■ **TASK**
Write out the records below exactly as they appear, skipping each picture.
=======
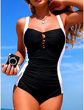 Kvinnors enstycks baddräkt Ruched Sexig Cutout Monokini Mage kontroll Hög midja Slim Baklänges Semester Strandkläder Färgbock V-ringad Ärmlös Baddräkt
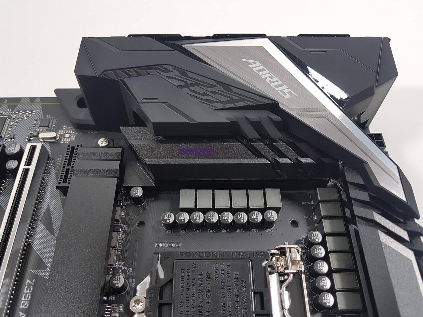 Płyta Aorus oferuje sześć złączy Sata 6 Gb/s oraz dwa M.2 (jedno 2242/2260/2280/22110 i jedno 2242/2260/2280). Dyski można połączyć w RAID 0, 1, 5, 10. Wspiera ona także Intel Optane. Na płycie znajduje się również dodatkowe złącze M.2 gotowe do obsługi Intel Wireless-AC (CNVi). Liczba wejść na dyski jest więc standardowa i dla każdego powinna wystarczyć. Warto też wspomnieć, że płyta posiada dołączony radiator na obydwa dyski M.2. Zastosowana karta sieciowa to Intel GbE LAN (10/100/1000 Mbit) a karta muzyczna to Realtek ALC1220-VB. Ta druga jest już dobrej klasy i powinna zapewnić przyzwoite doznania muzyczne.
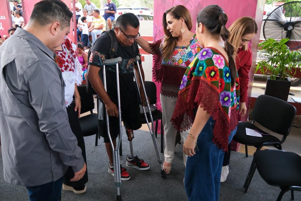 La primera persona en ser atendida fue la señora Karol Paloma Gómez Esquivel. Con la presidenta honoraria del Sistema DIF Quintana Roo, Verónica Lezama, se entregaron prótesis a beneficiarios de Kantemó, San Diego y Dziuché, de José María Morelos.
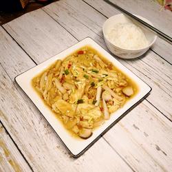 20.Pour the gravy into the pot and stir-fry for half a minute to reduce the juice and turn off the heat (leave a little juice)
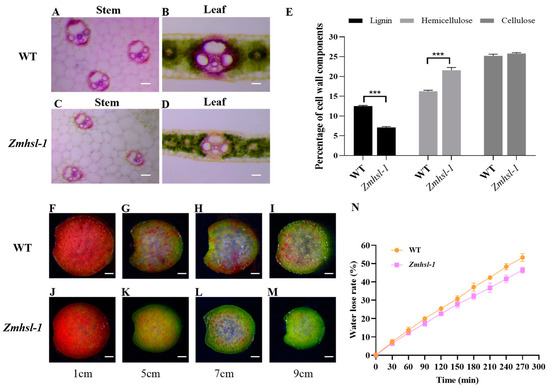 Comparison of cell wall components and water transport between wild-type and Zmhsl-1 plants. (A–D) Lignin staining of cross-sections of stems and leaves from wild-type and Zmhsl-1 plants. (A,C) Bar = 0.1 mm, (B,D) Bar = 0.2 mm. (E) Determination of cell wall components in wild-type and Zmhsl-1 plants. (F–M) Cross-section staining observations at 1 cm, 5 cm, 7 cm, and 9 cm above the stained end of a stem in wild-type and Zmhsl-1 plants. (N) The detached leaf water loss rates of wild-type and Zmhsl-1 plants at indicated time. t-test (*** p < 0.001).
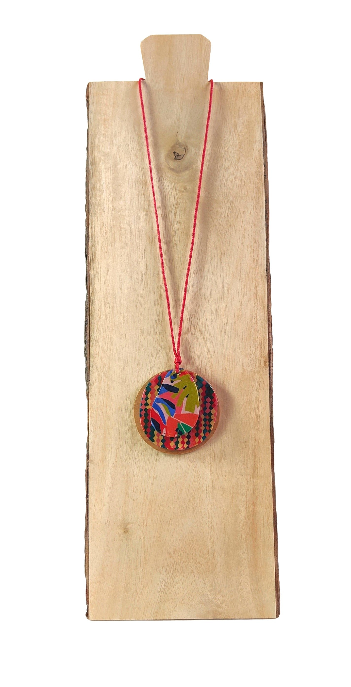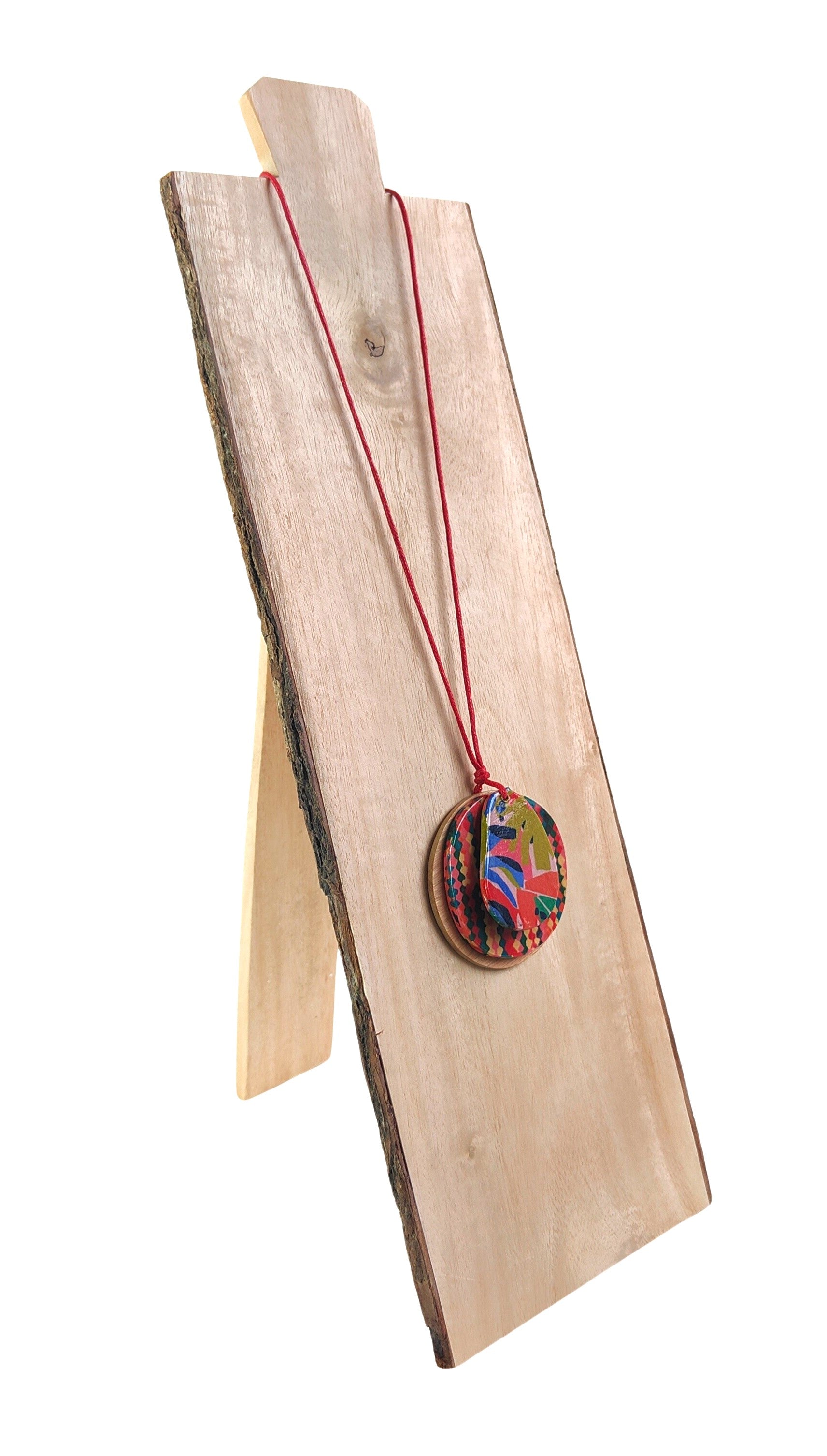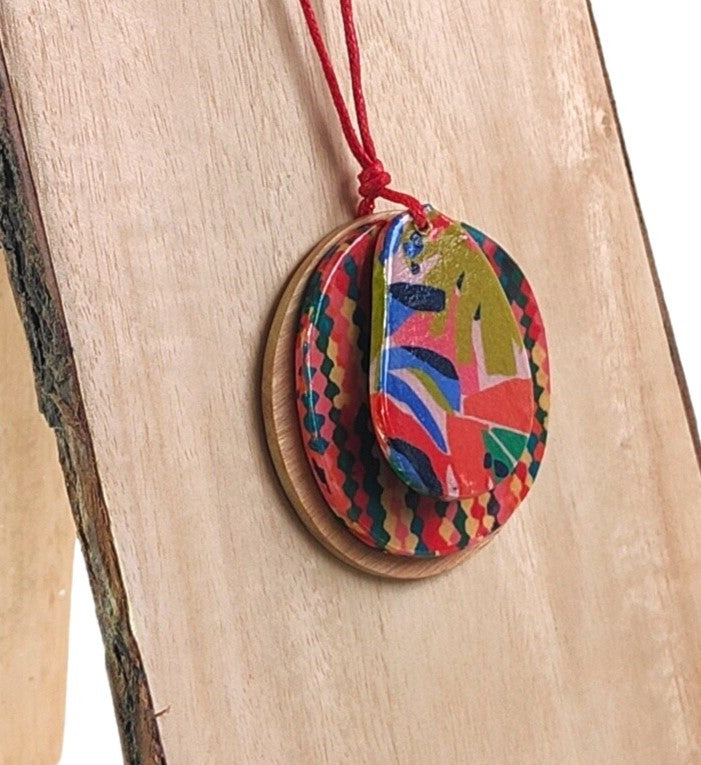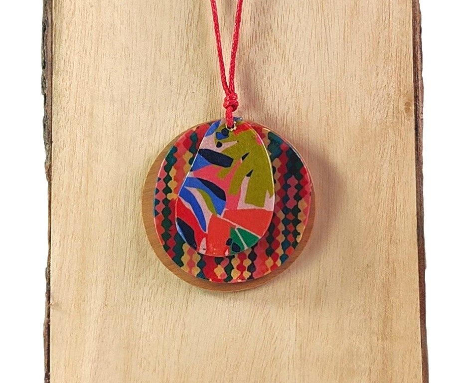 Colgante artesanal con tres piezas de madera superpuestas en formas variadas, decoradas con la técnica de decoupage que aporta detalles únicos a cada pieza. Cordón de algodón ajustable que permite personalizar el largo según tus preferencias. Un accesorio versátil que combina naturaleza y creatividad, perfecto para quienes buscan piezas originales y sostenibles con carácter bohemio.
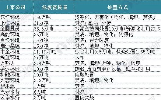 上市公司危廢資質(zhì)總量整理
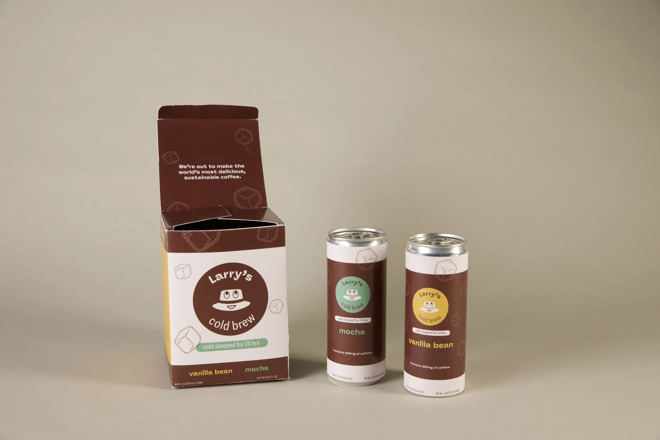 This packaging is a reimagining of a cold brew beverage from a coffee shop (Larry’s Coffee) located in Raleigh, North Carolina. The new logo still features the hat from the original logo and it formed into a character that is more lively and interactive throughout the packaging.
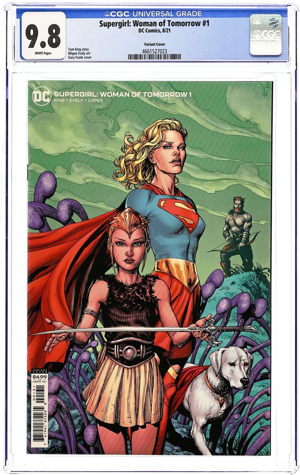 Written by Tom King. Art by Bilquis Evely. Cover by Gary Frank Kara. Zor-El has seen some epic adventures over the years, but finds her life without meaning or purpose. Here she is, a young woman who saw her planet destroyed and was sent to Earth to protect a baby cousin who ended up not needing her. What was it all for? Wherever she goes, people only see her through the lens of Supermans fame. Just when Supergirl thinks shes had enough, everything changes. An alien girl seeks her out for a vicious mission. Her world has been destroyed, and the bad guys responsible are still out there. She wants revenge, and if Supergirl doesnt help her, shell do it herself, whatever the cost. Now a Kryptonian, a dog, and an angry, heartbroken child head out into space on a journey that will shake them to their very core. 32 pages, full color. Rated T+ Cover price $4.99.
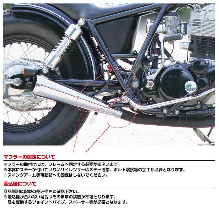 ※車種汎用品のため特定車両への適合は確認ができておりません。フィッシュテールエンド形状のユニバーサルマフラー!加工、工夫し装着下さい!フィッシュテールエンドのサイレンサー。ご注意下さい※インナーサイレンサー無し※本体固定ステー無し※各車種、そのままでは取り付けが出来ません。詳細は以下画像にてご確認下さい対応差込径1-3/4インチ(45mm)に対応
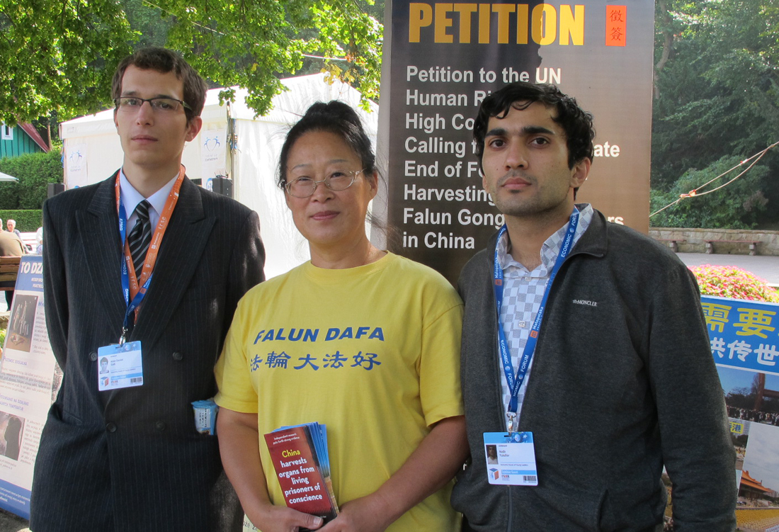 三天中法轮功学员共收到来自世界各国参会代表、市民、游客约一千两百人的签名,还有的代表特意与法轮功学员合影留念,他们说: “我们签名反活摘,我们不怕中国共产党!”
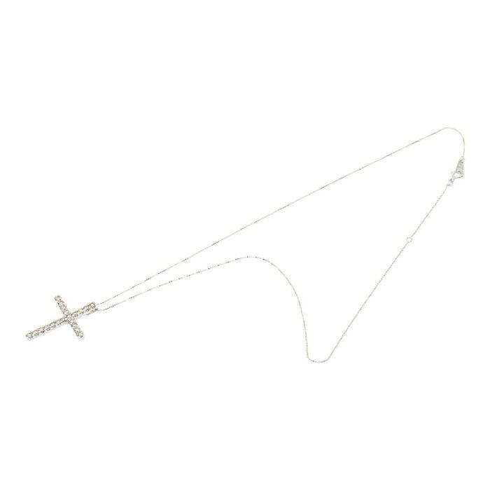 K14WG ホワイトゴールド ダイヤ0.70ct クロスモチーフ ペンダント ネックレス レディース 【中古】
=======
■ **OUTPUT BELOW**
 Kvinnors enstycks baddräkt Ruched Sexig Cutout Monokini Mage kontroll Hög midja Slim Baklänges Semester Strandkläder Färgbock V-ringad Ärmlös Baddräkt
 Płyta Aorus oferuje sześć złączy Sata 6 Gb/s oraz dwa M.2 (jedno 2242/2260/2280/22110 i jedno 2242/2260/2280). Dyski można połączyć w RAID 0, 1, 5, 10. Wspiera ona także Intel Optane. Na płycie znajduje się również dodatkowe złącze M.2 gotowe do obsługi Intel Wireless-AC (CNVi). Liczba wejść na dyski jest więc standardowa i dla każdego powinna wystarczyć. Warto też wspomnieć, że płyta posiada dołączony radiator na obydwa dyski M.2. Zastosowana karta sieciowa to Intel GbE LAN (10/100/1000 Mbit) a karta muzyczna to Realtek ALC1220-VB. Ta druga jest już dobrej klasy i powinna zapewnić przyzwoite doznania muzyczne.
 La primera persona en ser atendida fue la señora Karol Paloma Gómez Esquivel. Con la presidenta honoraria del Sistema DIF Quintana Roo, Verónica Lezama, se entregaron prótesis a beneficiarios de Kantemó, San Diego y Dziuché, de José María Morelos.
 20.Pour the gravy into the pot and stir-fry for half a minute to reduce the juice and turn off the heat (leave a little juice)
 Comparison of cell wall components and water transport between wild-type and Zmhsl-1 plants. (A–D) Lignin staining of cross-sections of stems and leaves from wild-type and Zmhsl-1 plants. (A,C) Bar = 0.1 mm, (B,D) Bar = 0.2 mm. (E) Determination of cell wall components in wild-type and Zmhsl-1 plants. (F–M) Cross-section staining observations at 1 cm, 5 cm, 7 cm, and 9 cm above the stained end of a stem in wild-type and Zmhsl-1 plants. (N) The detached leaf water loss rates of wild-type and Zmhsl-1 plants at indicated time. t-test (*** p < 0.001).
 Colgante artesanal con tres piezas de madera superpuestas en formas variadas, decoradas con la técnica de decoupage que aporta detalles únicos a cada pieza. Cordón de algodón ajustable que permite personalizar el largo según tus preferencias. Un accesorio versátil que combina naturaleza y creatividad, perfecto para quienes buscan piezas originales y sostenibles con carácter bohemio.
 上市公司危廢資質(zhì)總量整理
 This packaging is a reimagining of a cold brew beverage from a coffee shop (Larry’s Coffee) located in Raleigh, North Carolina. The new logo still features the hat from the original logo and it formed into a character that is more lively and interactive throughout the packaging.
 Written by Tom King. Art by Bilquis Evely. Cover by Gary Frank Kara. Zor-El has seen some epic adventures over the years, but finds her life without meaning or purpose. Here she is, a young woman who saw her planet destroyed and was sent to Earth to protect a baby cousin who ended up not needing her. What was it all for? Wherever she goes, people only see her through the lens of Supermans fame. Just when Supergirl thinks shes had enough, everything changes. An alien girl seeks her out for a vicious mission. Her world has been destroyed, and the bad guys responsible are still out there. She wants revenge, and if Supergirl doesnt help her, shell do it herself, whatever the cost. Now a Kryptonian, a dog, and an angry, heartbroken child head out into space on a journey that will shake them to their very core. 32 pages, full color. Rated T+ Cover price $4.99.
 ※車種汎用品のため特定車両への適合は確認ができておりません。フィッシュテールエンド形状のユニバーサルマフラー!加工、工夫し装着下さい!フィッシュテールエンドのサイレンサー。ご注意下さい※インナーサイレンサー無し※本体固定ステー無し※各車種、そのままでは取り付けが出来ません。詳細は以下画像にてご確認下さい対応差込径1-3/4インチ(45mm)に対応
 三天中法轮功学员共收到来自世界各国参会代表、市民、游客约一千两百人的签名,还有的代表特意与法轮功学员合影留念,他们说: “我们签名反活摘,我们不怕中国共产党!”
 K14WG ホワイトゴールド ダイヤ0.70ct クロスモチーフ ペンダント ネックレス レディース 【中古】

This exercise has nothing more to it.